Always look your best. I know this sounds really obvious but you'd be surprised by how many men don't understand the importance of this simple tip. You never know when the girl of your dreams will turn up, or where. And it’s become a bit of a cliché because it’s true. First impressions really do count. Here are some figures to consider from my bar observations.
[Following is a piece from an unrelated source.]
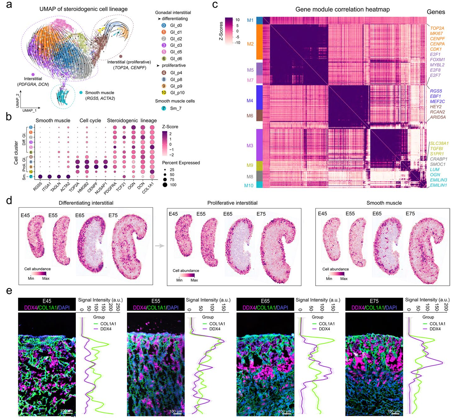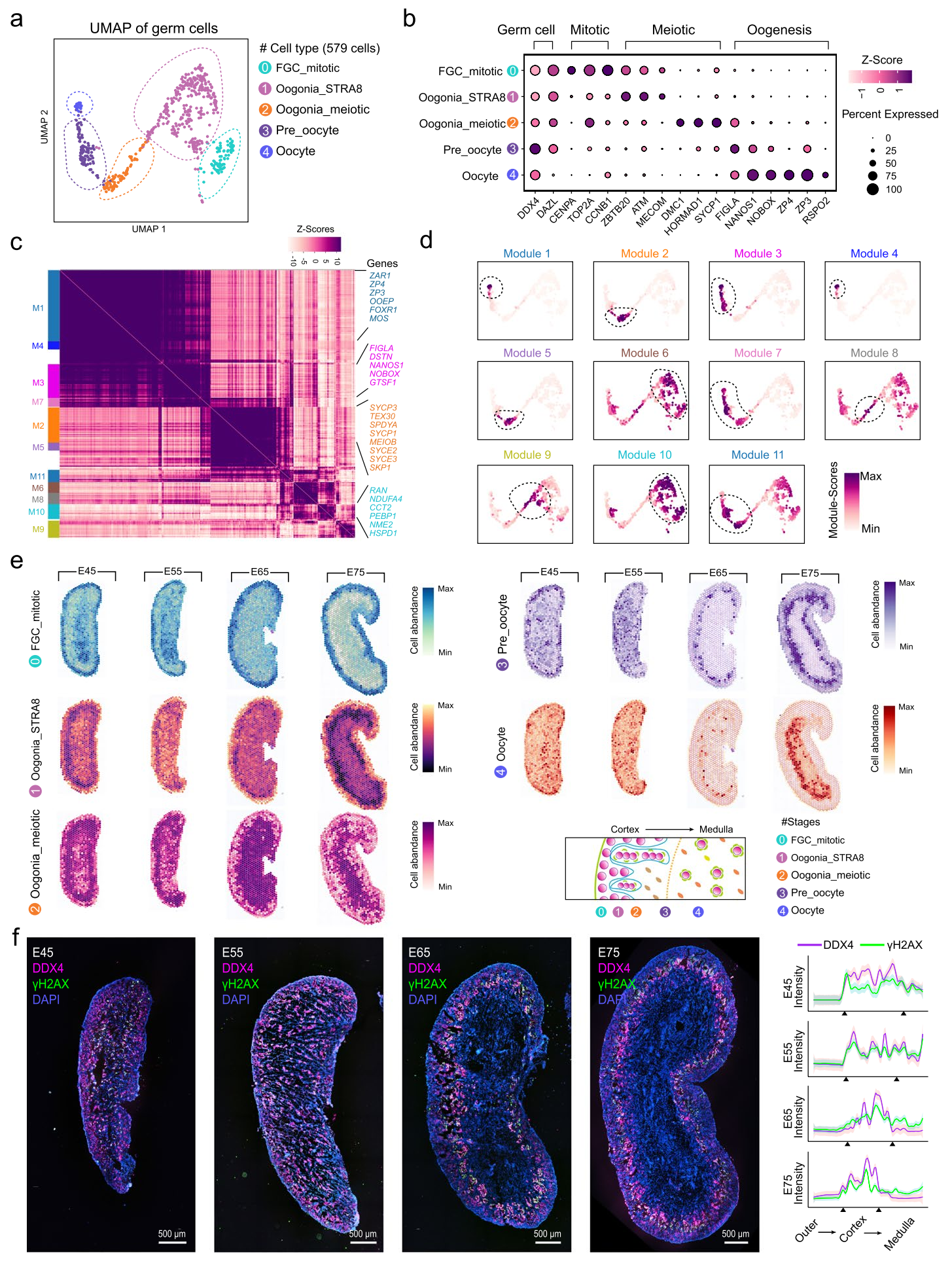 為了深入了解早期豬卵母細胞生成過程中模塊基因的功能富集情況,研究人員采用Hotspot算法,利用生殖細胞的scRNA-seq數(shù)據(jù)識別了相關基因模塊,共鑒定出11個功能各異的基因模塊。通過將單個模塊投影到UMAP圖中,確定了具有簇特異性的信息性基因模塊。剖析了早期豬卵母細胞生成過程中的基因表達譜后,研究人員進一步在空間環(huán)境中研究了這一過程。通過對ST芯片上的生殖細胞進行解卷積,揭示了早期卵母細胞生成的皮質(zhì)-髓質(zhì)梯度。為了驗證上述分析,研究人員使用生殖細胞標記DDX4和減數(shù)分裂生殖細胞細線期標記γH2AX進行了全組織染色實驗,以定位在不同階段啟動減數(shù)程序的生殖細胞。評估了C-M軸的熒光強度后發(fā)現(xiàn)在E45和E55卵巢中,γH2AX信號沿C-M軸的水平相似,而在E65至E75卵巢中,γH2AX信號在內(nèi)皮層達到峰值,在髓質(zhì)區(qū)域則減少。

If you make a Good first impression on a woman, you have a 90% chance of ever getting with her at that point (10% of women for whatever reason will be unreachable for most men at any point – she might like women herself etc). If you make a bad first impression your chances with her reduce drastically to just 20%. This means that to make her attracted to you after the first 3 minutes of meeting her will be incredibly difficult if her first impressions of you were bad. It’s the difference between climbing a mountain and using a helicopter to fly up one. Good first impressions means you’re on your way to the top in the helicopter, bad first impressions means you have a difficult climb to success. No helicopters for you? Honestly, I can't stress this enough - always try to look your best.
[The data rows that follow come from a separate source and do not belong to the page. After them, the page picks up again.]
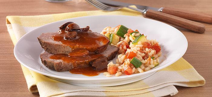Die Kalbsschulter in dünne Scheiben schneiden, mit der aromatischen Zitronen-Oliven-Soße übergießen und zusammen mit dem Gemüsereis servieren.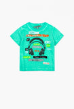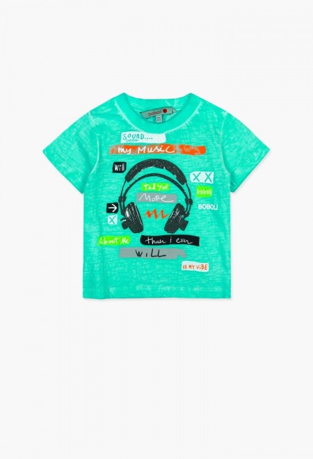 Slub knit t-shirt for baby boys. Sizes from 6 m to 4 years. Lake green. Decorative multicoloured print. This garment has been through a dyeing process that gives it a worn look.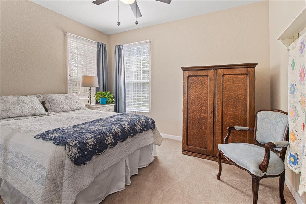 Walk-In Closet(s)Ceiling Fan(s) High Ceilings Thermostat Open Floorplan Window Treatments Solid Surface Counters Solid Wood Cabinets Pest Guard SystemExterior Features:

Here 5 S’s of first impressions. Shave. Shower. Style. Smell. Shoes. Remember these 5 S’s and always take care of them before you go out. Why are shoes the number 5 S? Your shoes are the first thing a woman really notices about your clothing and hence your appearance. Make sure your shoes are clean and fashionable. What you wear is very important. I could try to recommend a certain look but as with all things fashionable by the time you read this it may have changed. Get the latest FHM magazine or other fashionable man's magazine's and imitate the styles you see there. Most women don't really care what labels you are wearing as long as you look good so you don't have to spend too much money on clothing.
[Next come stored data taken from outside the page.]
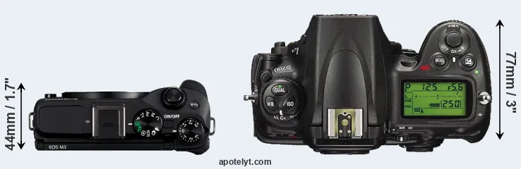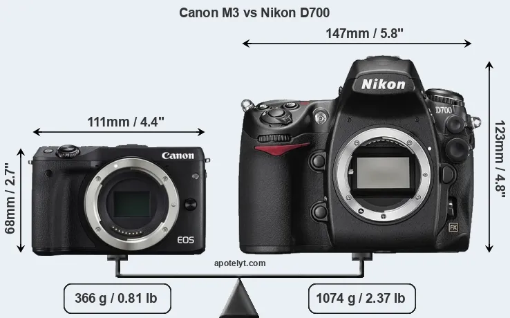 An illustration of the physical size and weight of the Canon M3 and the Nikon D700 is provided in the side-by-side display below. The two cameras are presented according to their relative size. Three successive views from the front, the top, and the rear are shown. All width, height and depth dimensions are rounded to the nearest millimeter.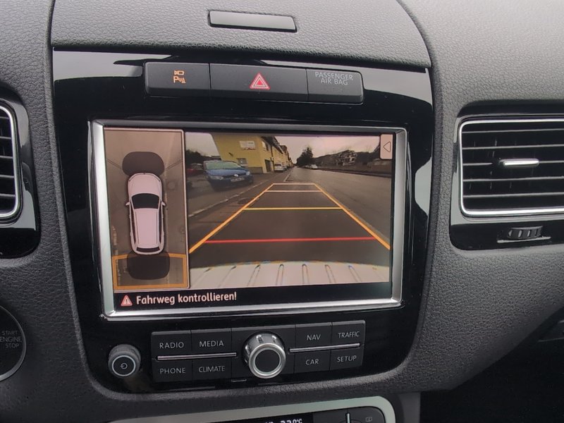 - Rückfahrkamera mit Umgebungsansicht Area View und Einparkhilfen vorne und hinten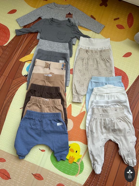 Parduodu du sportinius kostiumėlius, dėvėtus vienam vaikui. 74 dydis. Vienas susideda iš 3 dalių (liemenė + džemperis + kelnės). Antrasis susideda iš 2 dalių (marškinėliai ir kelnės). Pirkti Vokietijoje. Ilgutsims arba Omniva, DPD.

Many guys that dress better usually comment on how strange they feel wearing clothes they are uncomfortable in, but nine times out of 10 they start to feel natural and even confident wearing their new wardrobe within days. Make sure you smell good. Again this is extremely important. Remember how you feel when a woman walks by you and she smells so good - you feel an instant attraction even though you don't know her - well, that's how women feel too. Wear a good quality cologne, but don't spray too much. One squirt on both sides of the neck, and one squirt on both wrists - maximum. You don't want to smell too overpowering. I recommend Cool Water by Davidoff or John Paul Gautier for Men (often called JPG love juice because women love it) if they don’t sell it where you are try to order some from abroad, this stuff is great!

By the time you have slowly evolved from your old self to the new one I recommend that you go to a bar decked out in your new outfit and shoes, hair combed and smelling nice, and sit at the bar counter and order a drink. Small piece of advice- sit near the toilets because the girls will need to use them as well. Once some sort of eye contact has been made she will make that trip to the loo just so she can pass you. It's a good thing you're wearing some great smelling cologne huh? This may even be a conversational piece for here. Hopefully she might ask you what sort it is and that's your chance to connect with her and try to at least get her number.

Bar advice. You will like the new you once the chicks are throwing themselves at you. Sir Winston Churchill once said " Clothes make the man".